[Dataset entries]
• • •
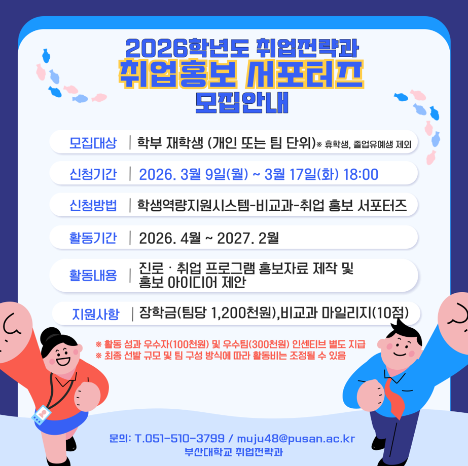 「2026학년도 취업 홍보 서포터즈」를 모집하오니 관심 있는 학생들의 많은 참여 바랍니다!
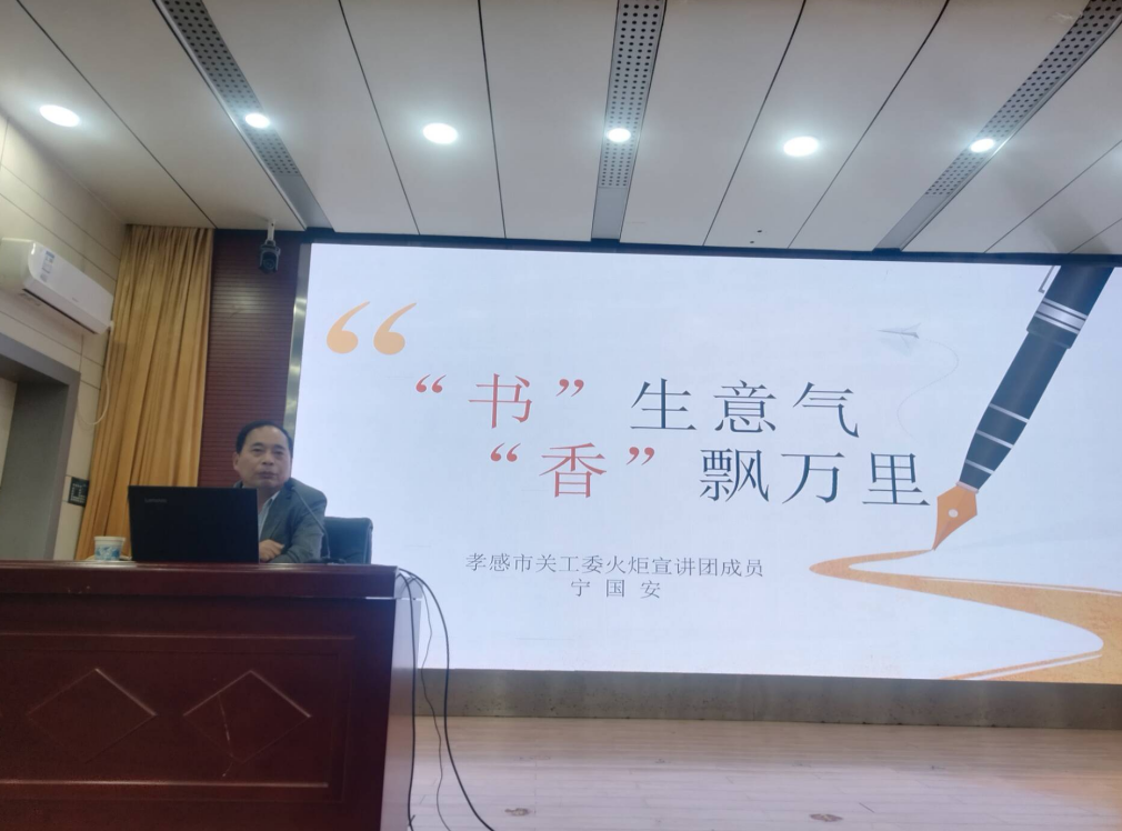 随后,市关工委“火炬”宣讲团宣讲员宁国安为师生做了题为《“书”生意气“香”飘万里》的报告。宁国安是孝感市政协理论研究会副会长,荣获湖北省人民政府第九届湖北省高等学校教学成果奖等诸多奖项。宁国安结合自身经历和校园征文活动,用丰富的案例,从写作创作的概念、意义、途径三个方面对写作创作进行了的讲解。他表示,写作创作要做好思想的表达、做实七个步骤、坚定内容为王,并鼓励同学们坚持读书学习,提升写作创作技巧,为未来美好生活奋斗。
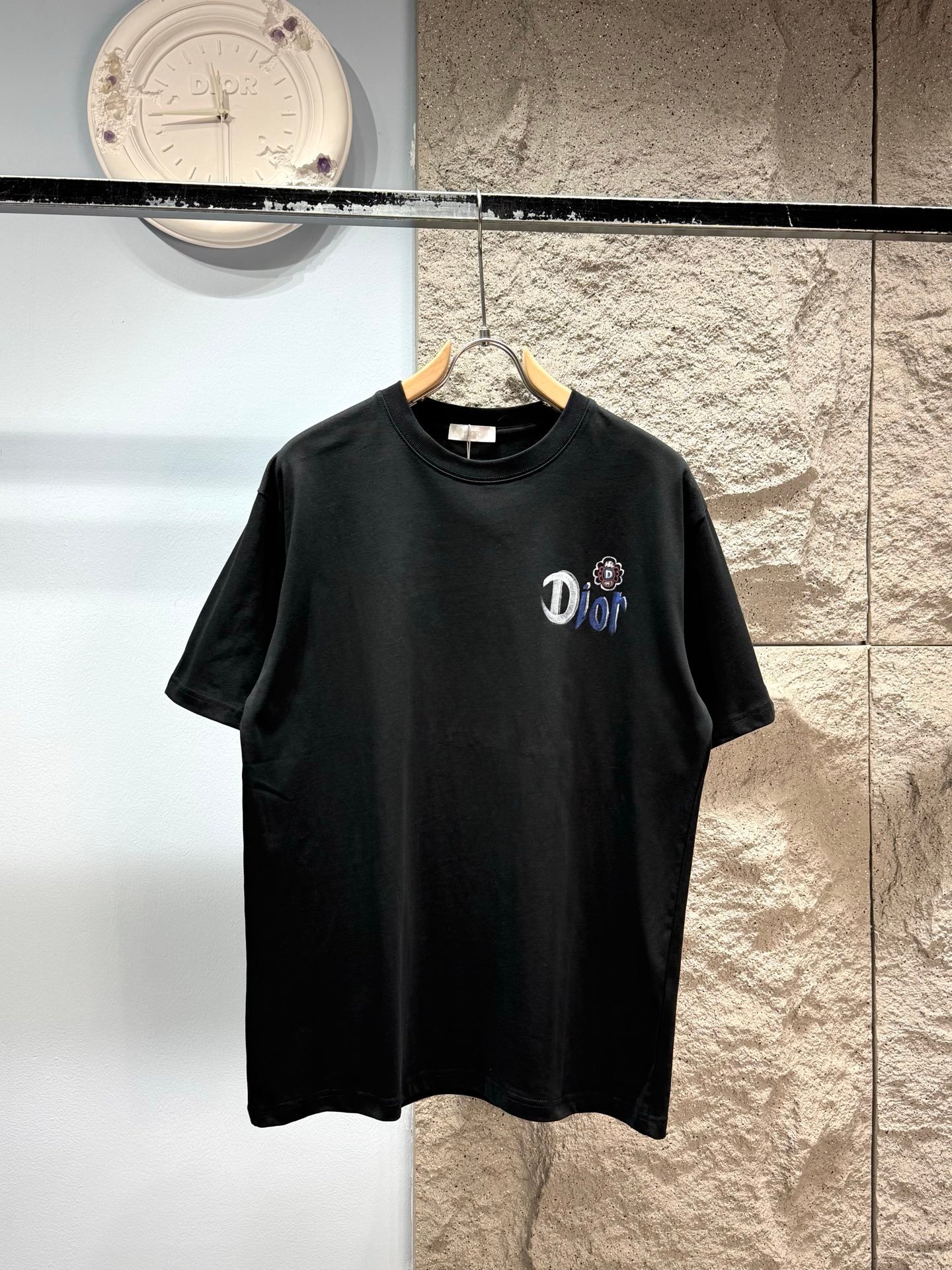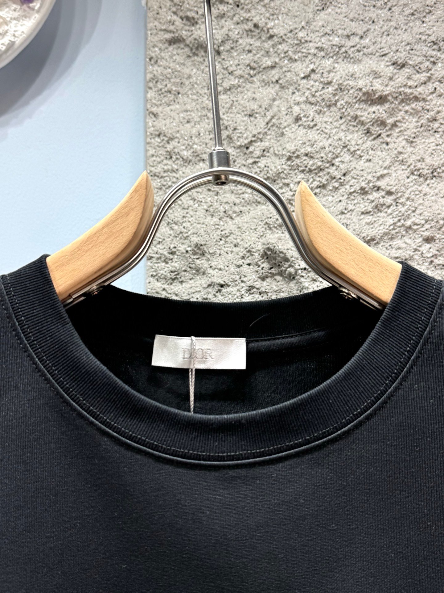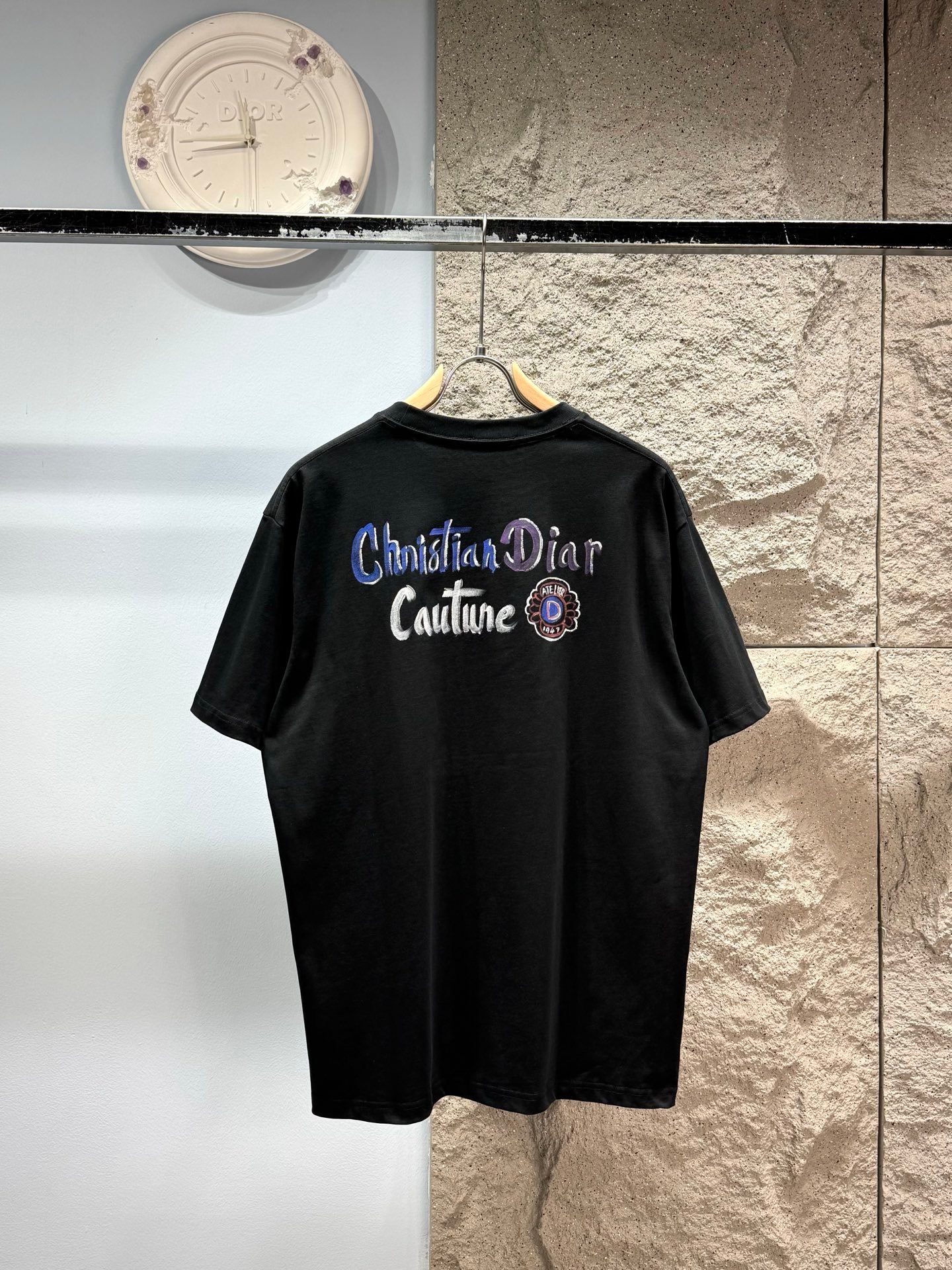 This Dior casual T-shirt is decorated with exquisite gradient color Dior brand letter embroidery and classic evil eye totem embroidery on the chest. It integrates French high fashion luxury aesthetics, mysterious retro totem elements and minimalist daily style, endowing the classic basic tee with distinctive brand recognition and unique fashion artistic temperament.
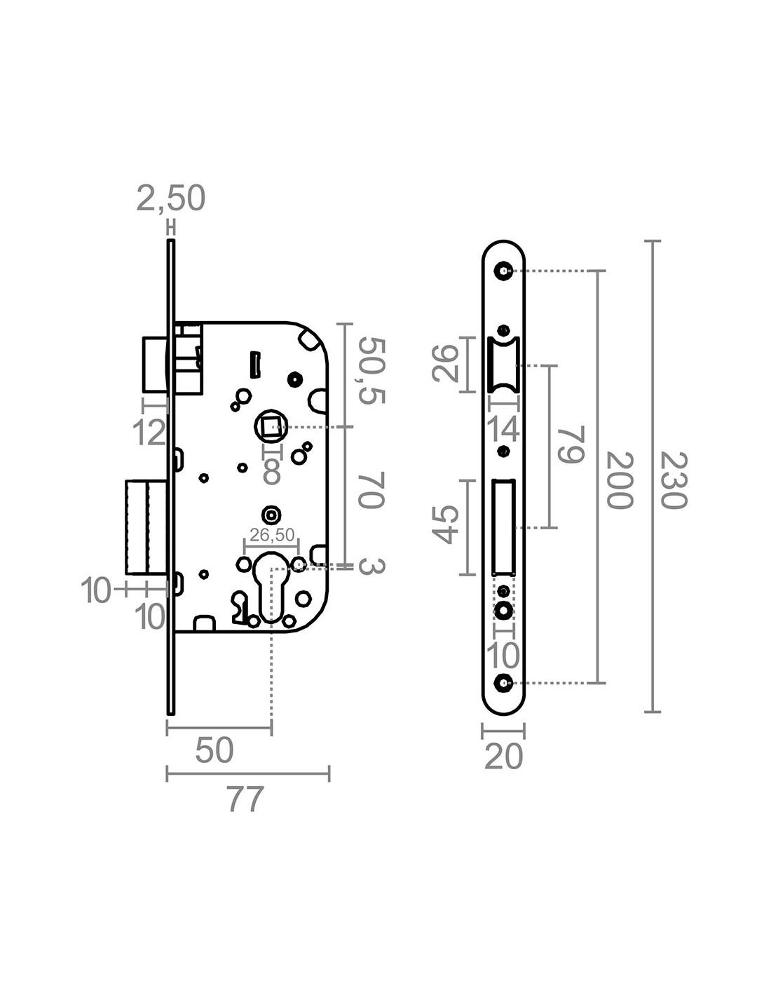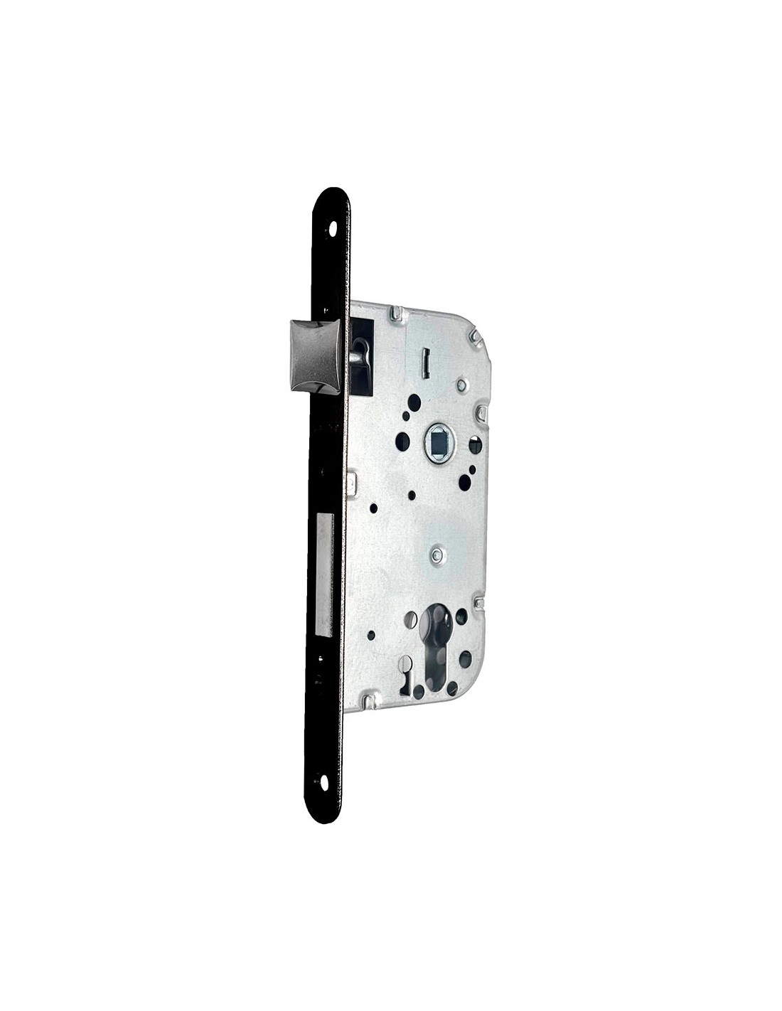 Cerradura embutir cre05 para cilindro de perfil europeo con leva larga (l15) para instalar en puertas de carpintería de madera, con canto redondo, picaporte reversible y nueca para cuadrillo de 8 mm esta cerradura tiene una distancia entre ejes de 70 mm y viene preparada con una entrada de 50 mm no incluye cilindro incluye protector de escudo, cerradero y tornillería fabricada en acero, acabado en negro
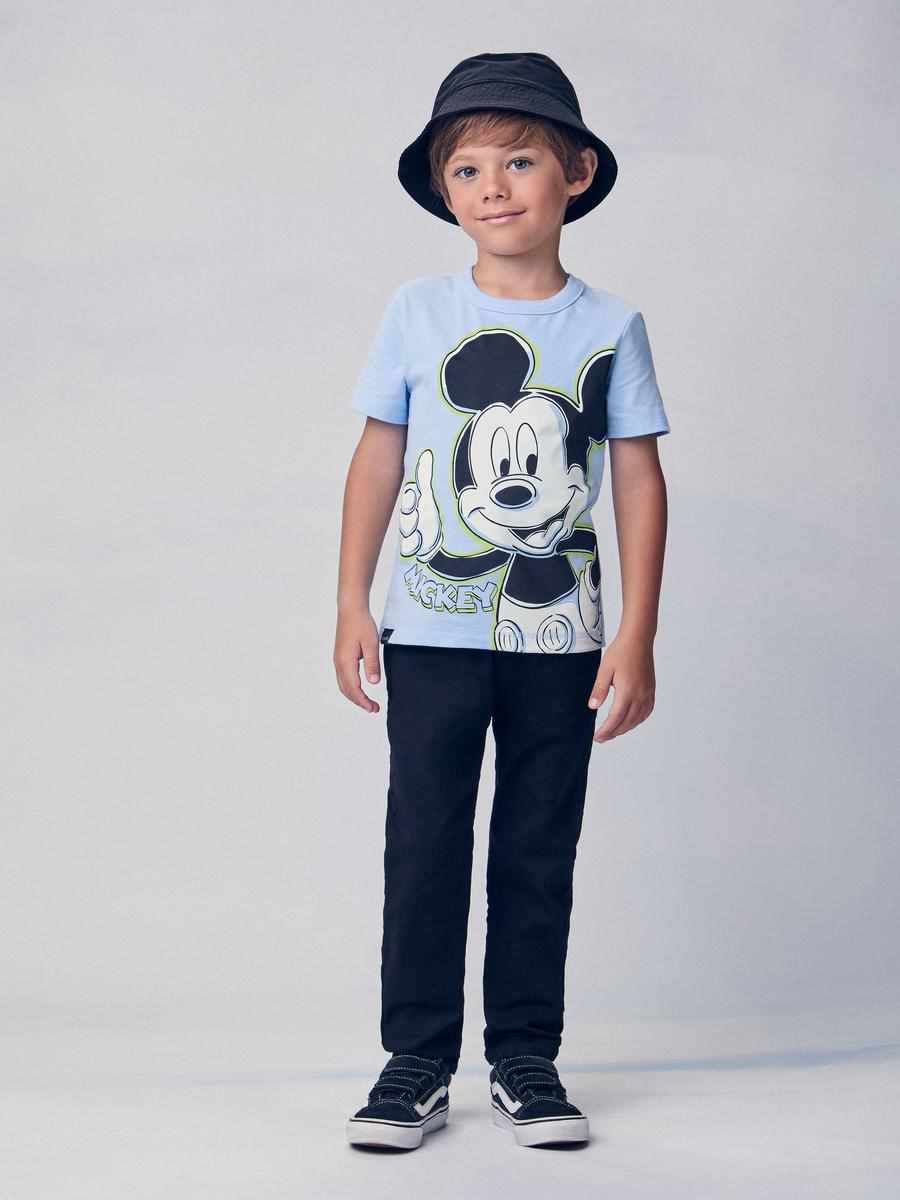 Camiseta azul claro com estampa frontal do Mickey em estilo maxi print, trazendo um ar lúdico e descontraído ao visual. O desenho em traços marcantes confere atitude e modernidade à peça, perfeita para looks casuais de verão.
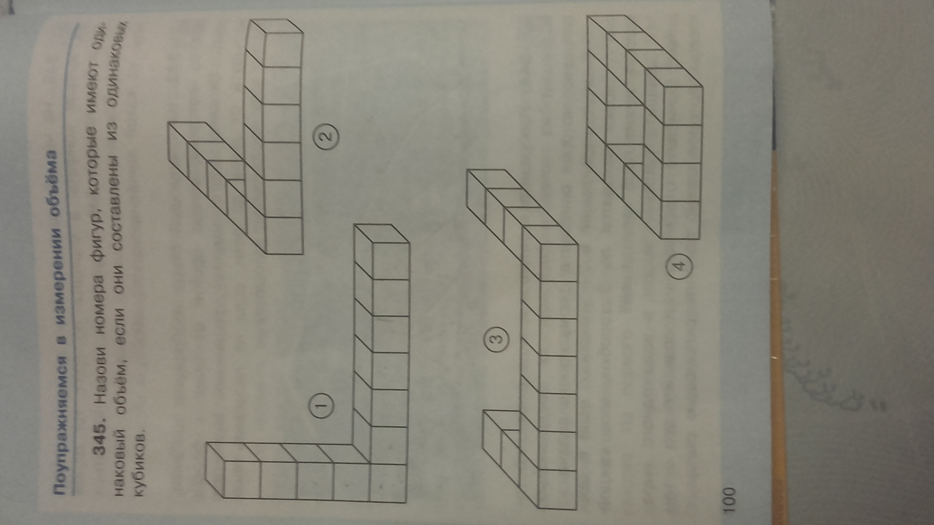 3 и 4 фигуры имеют по 12 кубов. Если их объем каждого куба равен, значит и объем этих фигур равен.
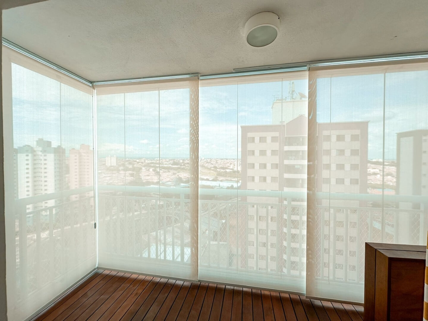 Voil Gaze de linho são tecidos translúcidos, que permitem que a luminosidade externa passe parcialmente para dentre do ambiente. O acessório tem a capacidade de controlar a temperatura e claridade do local, além de garantir privacidade.
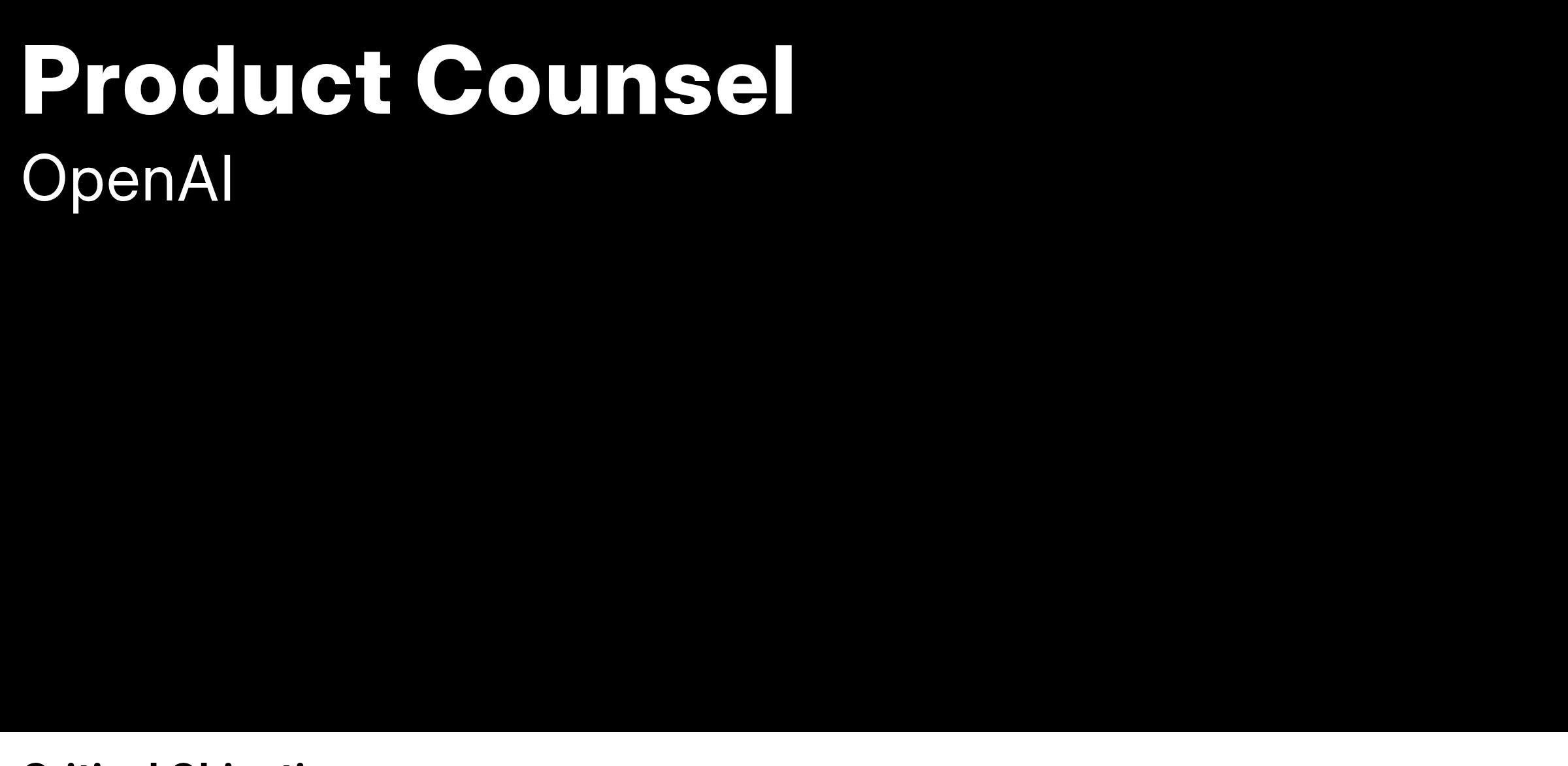 Be the go-to counsel and partner for several teams focused on AI research and consumer product development (e.g. ChatGPT and ChatGPT for EDU).
• • •
• Instructions for the task: Word for word, please reproduce each entry above and leave out every picture.

• Answer for this exercise:
 「2026학년도 취업 홍보 서포터즈」를 모집하오니 관심 있는 학생들의 많은 참여 바랍니다!
 随后,市关工委“火炬”宣讲团宣讲员宁国安为师生做了题为《“书”生意气“香”飘万里》的报告。宁国安是孝感市政协理论研究会副会长,荣获湖北省人民政府第九届湖北省高等学校教学成果奖等诸多奖项。宁国安结合自身经历和校园征文活动,用丰富的案例,从写作创作的概念、意义、途径三个方面对写作创作进行了的讲解。他表示,写作创作要做好思想的表达、做实七个步骤、坚定内容为王,并鼓励同学们坚持读书学习,提升写作创作技巧,为未来美好生活奋斗。
 This Dior casual T-shirt is decorated with exquisite gradient color Dior brand letter embroidery and classic evil eye totem embroidery on the chest. It integrates French high fashion luxury aesthetics, mysterious retro totem elements and minimalist daily style, endowing the classic basic tee with distinctive brand recognition and unique fashion artistic temperament.
 Cerradura embutir cre05 para cilindro de perfil europeo con leva larga (l15) para instalar en puertas de carpintería de madera, con canto redondo, picaporte reversible y nueca para cuadrillo de 8 mm esta cerradura tiene una distancia entre ejes de 70 mm y viene preparada con una entrada de 50 mm no incluye cilindro incluye protector de escudo, cerradero y tornillería fabricada en acero, acabado en negro
 Camiseta azul claro com estampa frontal do Mickey em estilo maxi print, trazendo um ar lúdico e descontraído ao visual. O desenho em traços marcantes confere atitude e modernidade à peça, perfeita para looks casuais de verão.
 3 и 4 фигуры имеют по 12 кубов. Если их объем каждого куба равен, значит и объем этих фигур равен.
 Voil Gaze de linho são tecidos translúcidos, que permitem que a luminosidade externa passe parcialmente para dentre do ambiente. O acessório tem a capacidade de controlar a temperatura e claridade do local, além de garantir privacidade.
 Be the go-to counsel and partner for several teams focused on AI research and consumer product development (e.g. ChatGPT and ChatGPT for EDU).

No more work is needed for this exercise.